▸ TASK: In full and word for word, copy the listing; no pictures belong in the copy.

▸ DATASET EXTRACT:
++++
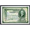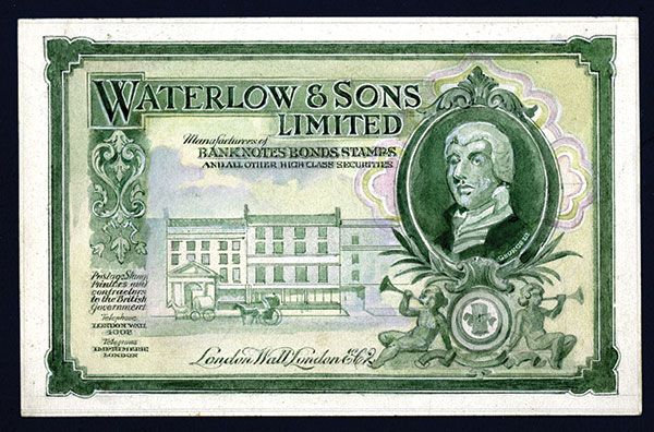 London, England, ND (ca. 1930-40's), Dramatic and impressive original hand drawn and colored, 6.5 x 4.25 inch advertising card, Portrait of George III on right with building with horses and buggy in front in middle, Ornate and very attractive, green and m/c, Waterlow & Sons title on top with description of work “Banknotes, Stamps, Bonds” on bottom, extremely attractive Waterlow advertising note design. Fleury, an artist and designer for Waterlow & Sons, is known for designing stamps for the 1935 King George V Silver Jubilee Issue for England as well as a 1935 Portugal 1000 Escudos Note and a number of Czechoslovakian banknotes used in the 1940's and also other banknotes and stamps. Rare and unique artwork from this well known Waterlow & Sons artist. XF condition with light mounting stains and glue remnants in a couple of small areas on back. W&S.
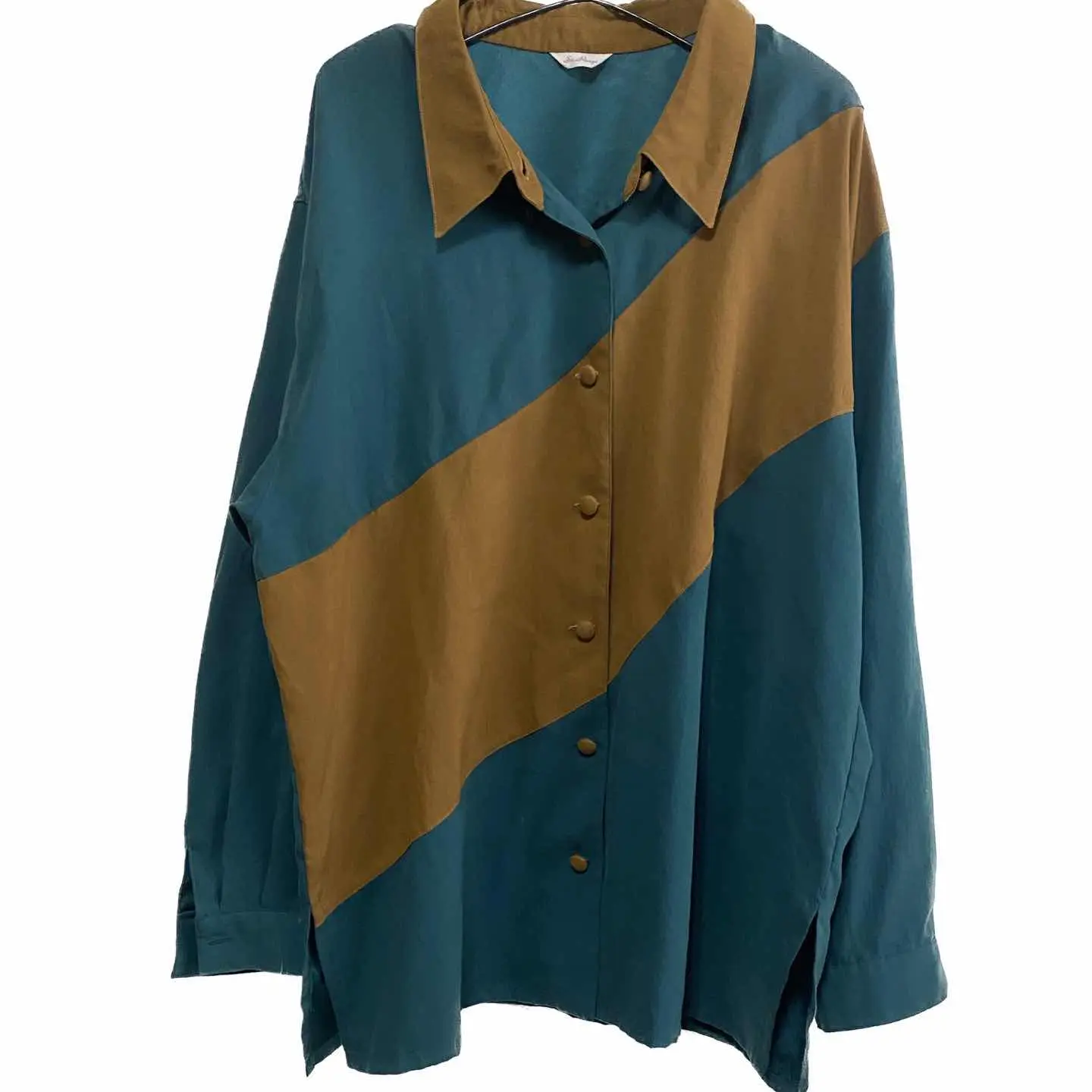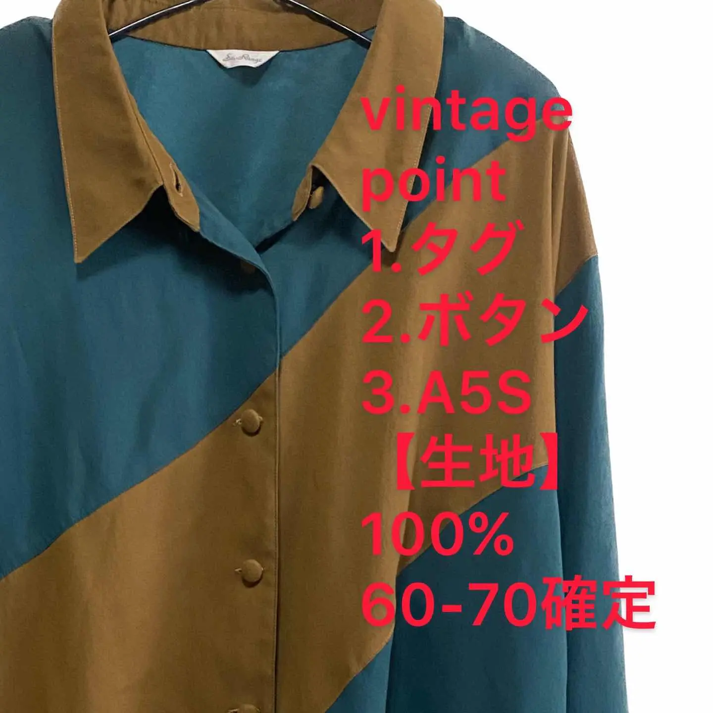 70s vintage like new A5S diagonal Switch L/S shirt ぜいたくな商品が到着いたしました A5S超高級素材を惜しみなく、diagonal Switch といわれる、斜めに、Switch切り替えする、半端ない、高級感を、見せる一着 ヴィンテージポインタ全て画像に明記してますが 70年代ヴィンテージで、ここまで美品なのは、確実に、市場にはなかなかでもあり 独特のオーバーサイズが年中活躍しますし、着心地もさらっとしていてかなり気持ちいいです。 フロントだけでとことん見せつけるデザインなので、前閉めてもかっこいいのですが、 前開けの場合は、少し工夫して、トレンドのスポーツミックス等と混ぜ合わせても、かなりこなれた感じに、決まりますので 参考になりましたら、ぜひゲット下さい、 質がよい、シャツは、一着あると、 気分も上がりますし、大人っぽく決まるのは、 保証いたします^_^ ▷color◁ A5Sの、独特の光沢あるダークビリジアンに、 ブラウン系、写真とことん実物に近いので、参考に ▷size◁ 平置き片面採寸【㎝表記】 表記size フリー位 着丈/77 身幅/65 肩幅/60 袖丈 /65 袖ボタンあるんで、手の長さ関係なし DSは袖はハンガー採寸 ※多少の誤差は理解下さい モデル170センチ 普通体型 【参考例TシャツMがジャストくらい】 私が、着用してゆるだぼビックサイズ 【素材】 A5S最高級素材、SILKのシワなる、アイロンできない、って悩みある方いますよね?それ、A3とか、下のレベルだから、なんです、A5Sは、シワならない、アイロンいらない、洗濯機丸投げOKです、 【状態】 綺麗です、 検品、洗濯、検品で、3回チェックして発送しますので、ご安心して、お買い求め下さい!!
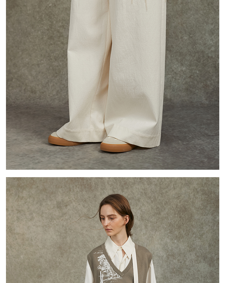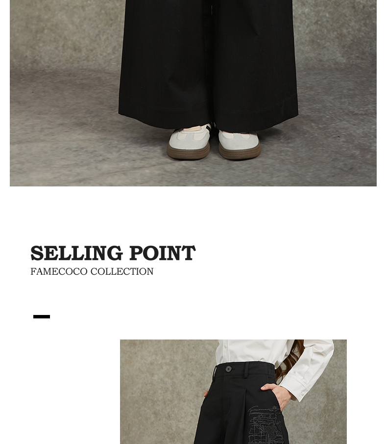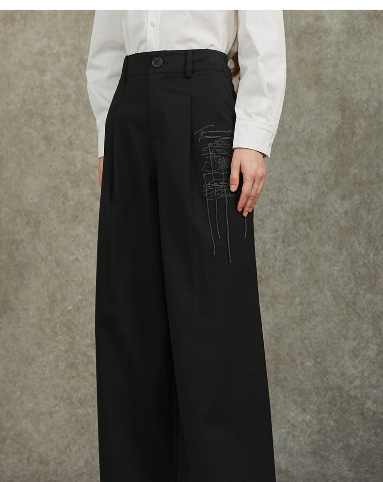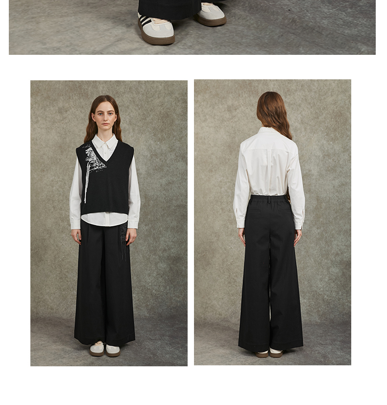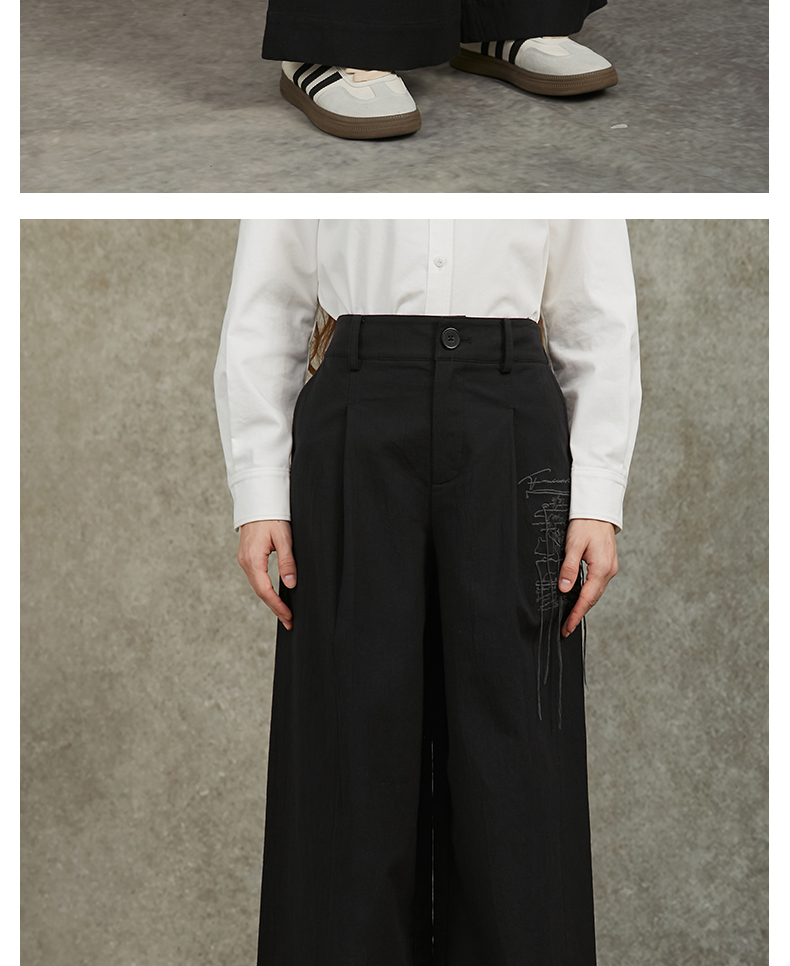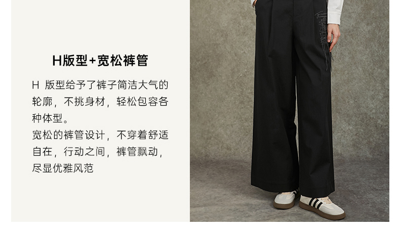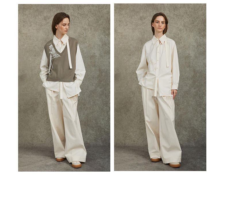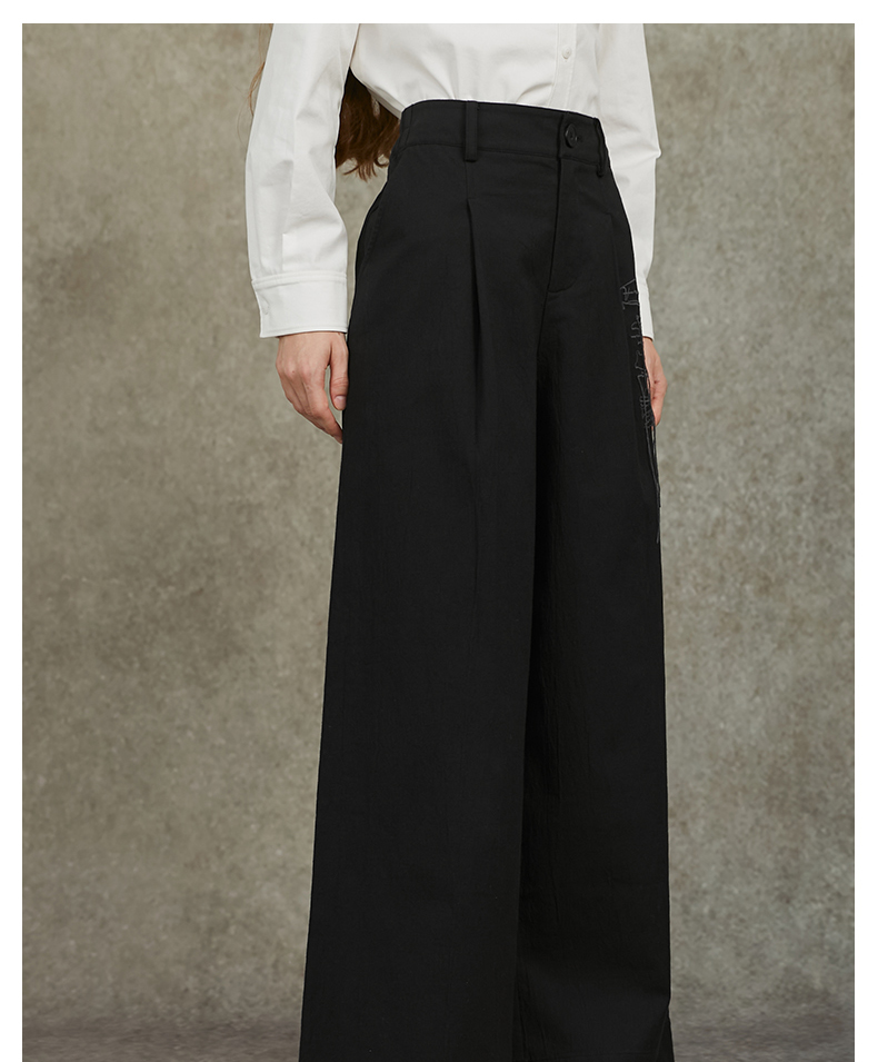 Famecoco范可儿天丝棉宽松阔腿裤立体绣花肌理感长裤FAC6GA015
++++
▸ ANSWER FOR THIS EXERCISE:
 London, England, ND (ca. 1930-40's), Dramatic and impressive original hand drawn and colored, 6.5 x 4.25 inch advertising card, Portrait of George III on right with building with horses and buggy in front in middle, Ornate and very attractive, green and m/c, Waterlow & Sons title on top with description of work “Banknotes, Stamps, Bonds” on bottom, extremely attractive Waterlow advertising note design. Fleury, an artist and designer for Waterlow & Sons, is known for designing stamps for the 1935 King George V Silver Jubilee Issue for England as well as a 1935 Portugal 1000 Escudos Note and a number of Czechoslovakian banknotes used in the 1940's and also other banknotes and stamps. Rare and unique artwork from this well known Waterlow & Sons artist. XF condition with light mounting stains and glue remnants in a couple of small areas on back. W&S.
 70s vintage like new A5S diagonal Switch L/S shirt ぜいたくな商品が到着いたしました A5S超高級素材を惜しみなく、diagonal Switch といわれる、斜めに、Switch切り替えする、半端ない、高級感を、見せる一着 ヴィンテージポインタ全て画像に明記してますが 70年代ヴィンテージで、ここまで美品なのは、確実に、市場にはなかなかでもあり 独特のオーバーサイズが年中活躍しますし、着心地もさらっとしていてかなり気持ちいいです。 フロントだけでとことん見せつけるデザインなので、前閉めてもかっこいいのですが、 前開けの場合は、少し工夫して、トレンドのスポーツミックス等と混ぜ合わせても、かなりこなれた感じに、決まりますので 参考になりましたら、ぜひゲット下さい、 質がよい、シャツは、一着あると、 気分も上がりますし、大人っぽく決まるのは、 保証いたします^_^ ▷color◁ A5Sの、独特の光沢あるダークビリジアンに、 ブラウン系、写真とことん実物に近いので、参考に ▷size◁ 平置き片面採寸【㎝表記】 表記size フリー位 着丈/77 身幅/65 肩幅/60 袖丈 /65 袖ボタンあるんで、手の長さ関係なし DSは袖はハンガー採寸 ※多少の誤差は理解下さい モデル170センチ 普通体型 【参考例TシャツMがジャストくらい】 私が、着用してゆるだぼビックサイズ 【素材】 A5S最高級素材、SILKのシワなる、アイロンできない、って悩みある方いますよね?それ、A3とか、下のレベルだから、なんです、A5Sは、シワならない、アイロンいらない、洗濯機丸投げOKです、 【状態】 綺麗です、 検品、洗濯、検品で、3回チェックして発送しますので、ご安心して、お買い求め下さい!!
 Famecoco范可儿天丝棉宽松阔腿裤立体绣花肌理感长裤FAC6GA015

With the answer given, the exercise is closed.